The AUD/USD currency pair (Australian dollar versus the US dollar) is on track to snap a two-month winning streak. It is down nearly -2.0% month to date, largely driven by risk sentiment.

Monthly and Daily Resistance Levels

Technically, the AUD/USD faded monthly resistance at $0.6670, which combines with the upper boundary of a symmetrical triangle, or ‘coil’, taken from $0.7158 and $0.6170. Adding ‘technical’ weight to said resistances is the Relative Strength Index (RSI) remaining south of the 50.00 centreline since April 2022, indicating negative momentum.

On the daily timeframe, last week’s precipitous decline breached several key support levels, including $0.6580 and $0.6591, leaving both levels open for a retest this week.
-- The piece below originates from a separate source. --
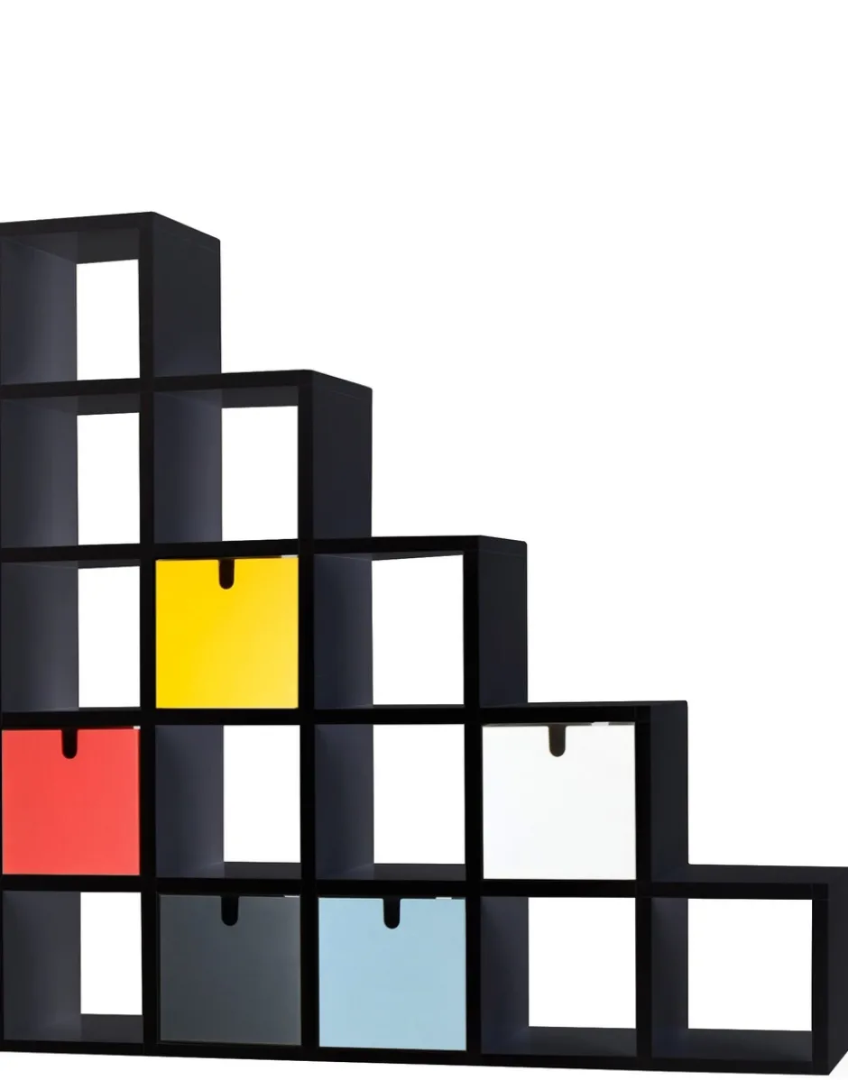 Polvara è la storica libreria modulabile che è possibile configuare a seconda delle esigenze abitative. Polvara è completata da cassetti in differenti colori che creano composizioni sempre diverse.

Another notable observation is the scope to continue exploring deeper water until reaching support from $0.6488 (you will note that this area also represents Quasimodo support).

Price Direction

Overall, the trend direction is relatively difficult to define at the moment. Therefore, recent downside sentiment, coupled with daily resistance, could be something sellers show interest in if tested, targeting daily support at $0.6488.

As a note, do remain aware that we have Aussie Consumer Price Index (CPI) inflation out on Wednesday. These numbers have proven rather sticky in 2024, leading the Reserve Bank of Australia to strike a hawkish tone in recent meetings – a 20% chance of a hike is currently priced in for the August meeting.

Should inflation come in hotter than expected this week, this could see rate-hike expectations increase and would place current daily resistance in a tricky spot. On the flip side, current resistance could be worthy of attention should a downside surprise in data materialise.